Try it:
In the entries below, which lines run from the one with "General description This" through the one with "A Chipolino zenélő-forgó"? Repeat exactly those, both included, and no pictures.

Data for review:
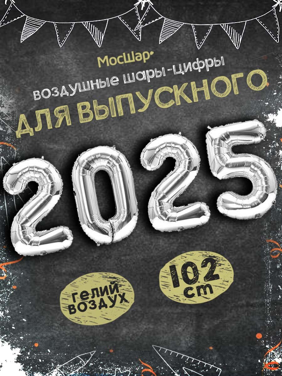 Купить Воздушные шары Мосшар "2025", серебро, 102 см, фольгированные, глянцевые
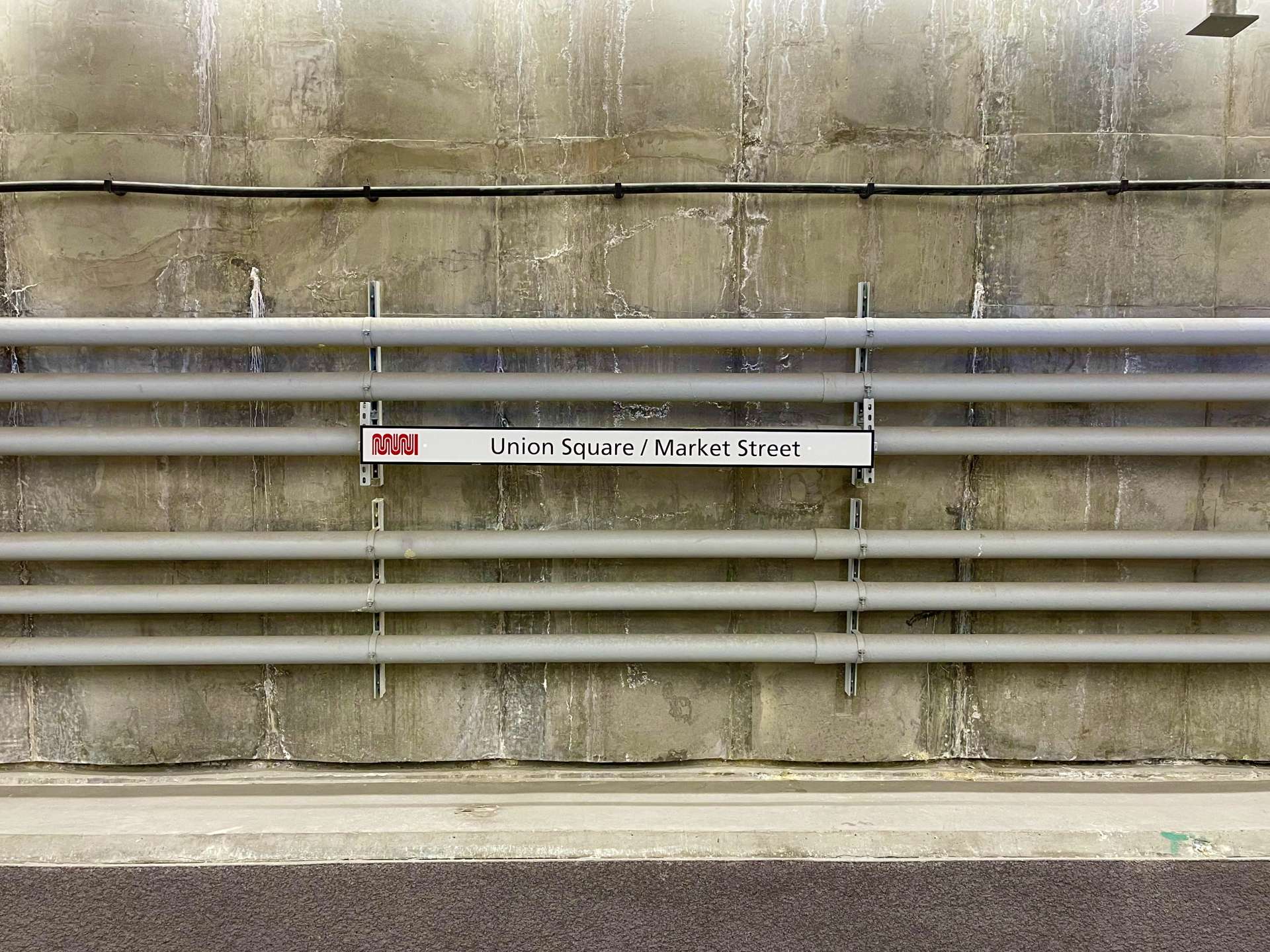次は、ユニオンスクエア/マーケットストリート駅です。おそらく旅行者の方が最も利用する駅になるかと思います。駅名のパネルの壁部分はまだ工事中のようで剥き出しになっていました(微笑)運行に支障はありませんから、まぁよしとしょましょう。日本ならこういうところも綺麗に仕上げて運行開始するかなと思いますが、おおらかなお国柄が出ています。ただ駅名が不思議だなと思いました。と言うのが、ユニオンスクエアはマーケット通りから3ブロックほど北側にあり、この駅名はあまりにこじつけてはいやしないかと感じたのです。
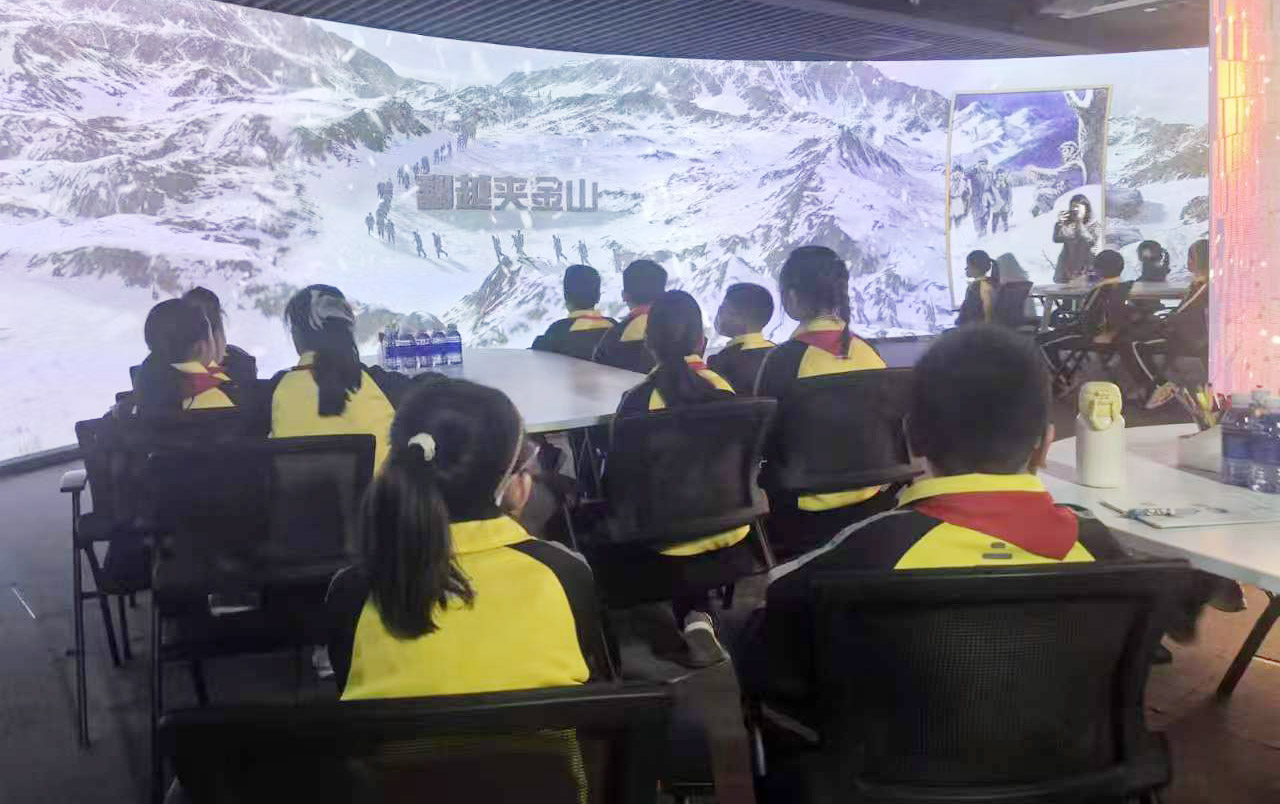 在沉浸式党性教育馆内,党员教师们体验了一段“红色之旅”。依托5G高新视频技术,大家置身全息影像构建的历史场景,从峥嵘岁月到新时代,在沉浸式体验中回顾党的光辉历程。
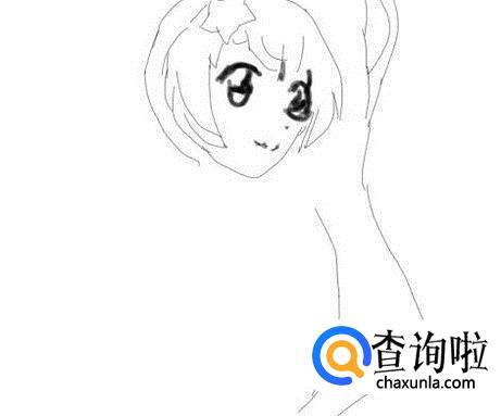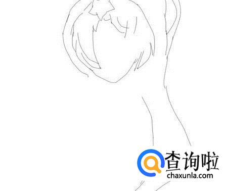 再在画好的头部下面画出贝贝公主的脖子及胸部,如图所示:
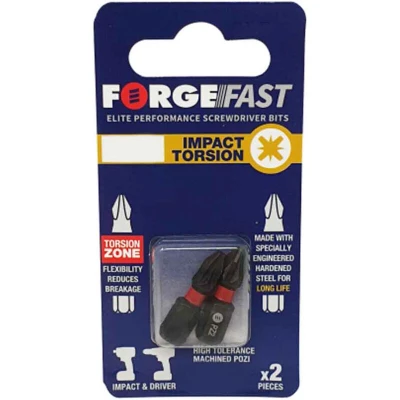 General description This Forgefix ForgeFast Pozidriv Compatible Impact Bit PZ3 x 152mm is designed for high torque applications, making it ideal for driving Pozidriv screws in various projects such as woodworking, construction, and home improvement. Made from specially engineered hardened steel, this impact bit offers increased wear resistance and durability, ensuring a long lifespan. Technical specifications Length: 152mm Size: PZ3 Type: Pozidriv Finish: Black Phosphate Pack Quantity: 1 MPN: FFBPZ3152C EAN: 5028485219729 Compatibility and accessories Compatible with Pozidriv screws Works with impact drivers and drills featuring a 1/4 inch hex chuck Installation Insert the impact bit into a compatible impact driver or drill with a 1/4 inch hex chuck Ensure the bit is securely fitted before use Usage Use for driving Pozidriv screws in woodworking, construction, and home improvement projects Apply high torque for demanding tasks, utilizing the shock-absorbing torsion zone for enhanced
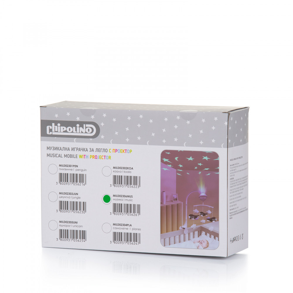 A Chipolino zenélő-forgó kellemes altató dallamával, élénk színekkel és kedves játékfiguráival elszórakoztat és álomba ringat minden kisbabát.
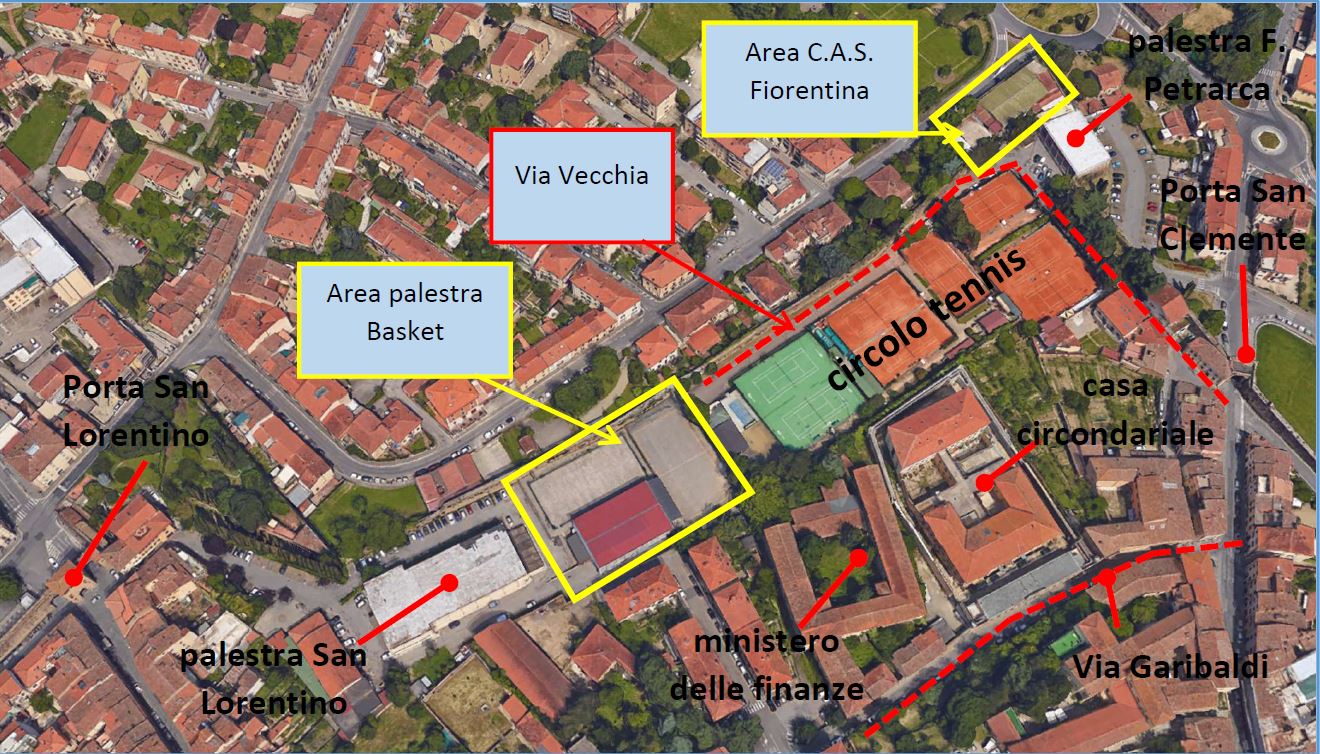 Veniamo all’articolazione dei due lotti. "Con il primo, il focus si stringerà sull’ex campo da basket, oramai in disuso da anni. Un impianto che ha dunque esaurito la funzionalità. Dopo la sua demolizione, sorgeranno un’area a verde pubblico e parcheggi, utili per chi vorrà andare al palazzetto di San Lorentino che resterà la vera attrazione sportiva nella parte sud dell’area e beneficerà del recente restyling che abbiamo eseguito. Scompariranno anche gli altri campi da calcio e pattinaggio, oramai impraticabili. Con il secondo lotto, arriverà il momento dei locali del centro di aggregazione sociale Fiorentina ubicati nel bastione di San Clemente. Anche per questi edifici è prevista la demolizione per destinare l’area a una funzione più coerente con il contesto storico. Peraltro, questo ci permetterà di togliere l’eternit ancora presente sulla copertura del Cas e provvedere così a un’ulteriore bonifica. Vorremmo rassicurare peraltro i responsabili e i soci del centro stesso sul nostro impegno a trovare una sede alternativa adeguata alla prosecuzione dell’importante attività sociale svolta".

Exercise answer:
 General description This Forgefix ForgeFast Pozidriv Compatible Impact Bit PZ3 x 152mm is designed for high torque applications, making it ideal for driving Pozidriv screws in various projects such as woodworking, construction, and home improvement. Made from specially engineered hardened steel, this impact bit offers increased wear resistance and durability, ensuring a long lifespan. Technical specifications Length: 152mm Size: PZ3 Type: Pozidriv Finish: Black Phosphate Pack Quantity: 1 MPN: FFBPZ3152C EAN: 5028485219729 Compatibility and accessories Compatible with Pozidriv screws Works with impact drivers and drills featuring a 1/4 inch hex chuck Installation Insert the impact bit into a compatible impact driver or drill with a 1/4 inch hex chuck Ensure the bit is securely fitted before use Usage Use for driving Pozidriv screws in woodworking, construction, and home improvement projects Apply high torque for demanding tasks, utilizing the shock-absorbing torsion zone for enhanced
 A Chipolino zenélő-forgó kellemes altató dallamával, élénk színekkel és kedves játékfiguráival elszórakoztat és álomba ringat minden kisbabát.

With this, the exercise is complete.